Yes, which is why you have long cylindrical shapes rather than spheres!
lol for rockets.

on the way down we need high drag.

Yes, which is why you put TPS on the side of a cylindrical shape that
flies at an angle of attack during entry.

The saucer can have both
by flying edgewise going up and braking on the way down.

So can a cylinder with less surface area and lower strength
requirements than a collection of tanks attached to a disc. With a
single large cylinder you go up along the length of the cylinder and
come back along the side at some angle of attack- controlling
everything with quite modest winglets and eccentric weight
distribution, which is achieved with engine placement relative to the
centerline.

And you have a small set of deployable wings that unfold when you reach
subsonic speed - to operate as a glider with minimal mass so you can
glide to a landing.

The capsule
type vehicles also present a disc shaped surface during re-entry,

Yes, they're conical in shape - and sit atop large cylindrical tanks
the same diameter as they. This works well if you have heavy loading
which is the case with a manned payload, and if you have expendable
tanks. In the case where we want to recover the tanks and engines to
reduce cost by making a completely reusable system we have to use a
different approach lol..

because a blunt front shape directs heat away from the vehicle body.

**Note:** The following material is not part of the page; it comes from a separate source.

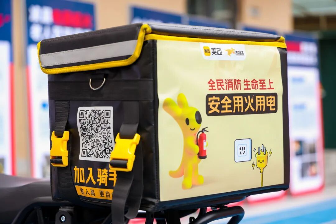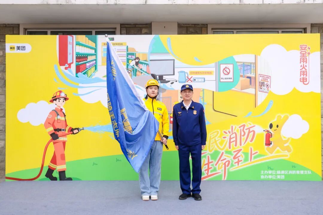 在授旗仪式上,杨浦区消防救援支队与美团安全管理部的相关负责人共同为骑手代表授予了象征着责任与荣誉的志愿服务队队旗。同时,骑手们的电动自行车餐箱,也统一换上了醒目的消防宣传贴。这些移动的“安全广告位”将随着骑手的足迹,覆盖杨浦乃至更广阔区域的大街小巷,将“安全用火用电”等消防常识精准送达千家万户,使消防安全意识在潜移默化中深入人心。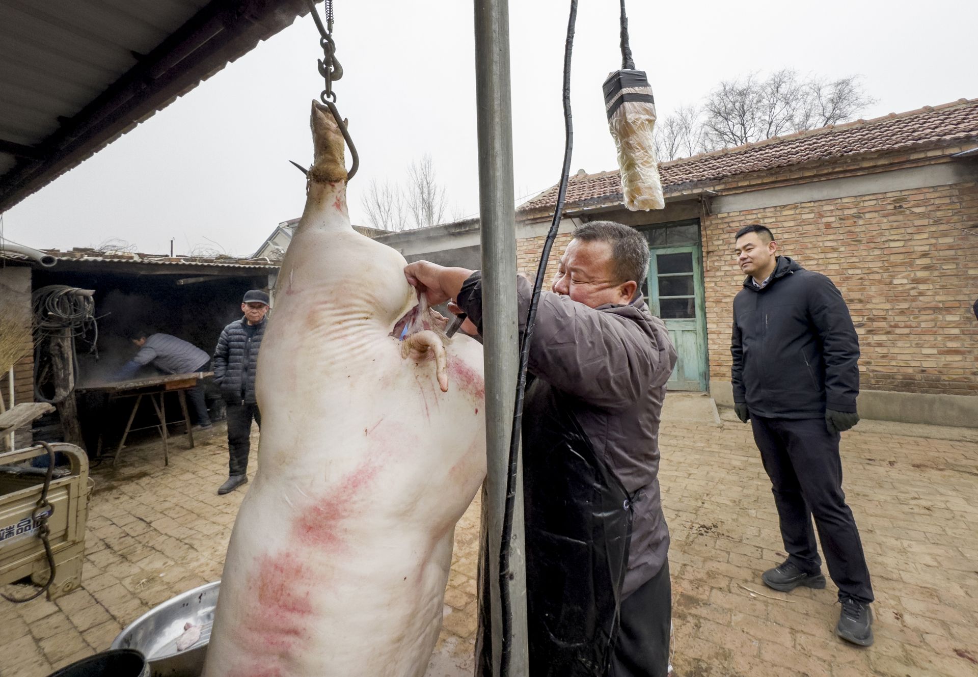 直播现场东侧,杀年猪的民俗活动正酣。“家人们看这土猪肉!肥瘦相间,热热闹闹多有年味儿!”李洋趁机将镜头转向案板,边直播边向直播间的人们介绍村里的民俗特色。

Bluff body shapes can be attached to the nose of a long cylinder and
used to protect a substantial mass behind the bluff shape with very
little TPS area during ballistic re-entry. You speak as if loading
were a big problem, but in reality, it isn't since the airframe is
pretty much an empty tank by the time it re-enters the atmosphere.

Having the fuel and oxidizer in multiple cylindrical tanks side by side
allows us to have more surface area for both drag and lift.

You lack appreciation of the fundamental engineering involved in making
an efficient propellant tank for a launch vehicle. I would suggest you
go to a book store near any large engineering school and get a text
book on the subject and read it with understanding before posting your
thoughts.


Very little
structure needs to be added to the set of tanks to turn them into a
disc.

Like I said, engineers with adequate funding, and access to high speed
wind tunnels have solved the problem, disc shapes are interesting, but
not the best - you haven't really answered in a defensible way why you
are enamoured of discs.

If you don't wish to be troubled by looking at a text book on the
subject I would suggest you look at Max Faget's original space shuttle
design, and you'll see an airframe that's easily doable with modern
materials, for the structural masses I've already quoted, two airframes
of the same type each carrying different propellants, with the
off-the-shelf engines I've described - would make a TSTO-RLV possible
at very low cost.

While it is possible to make a disc with three to five cylindrical
tanks housed within each disc, it would be done with an increase of
structural fraction relative to a single cylindrical tank forming a
structural component of an aeroshell with small winglets and minimal
TPS designed for parallel launch as I've described.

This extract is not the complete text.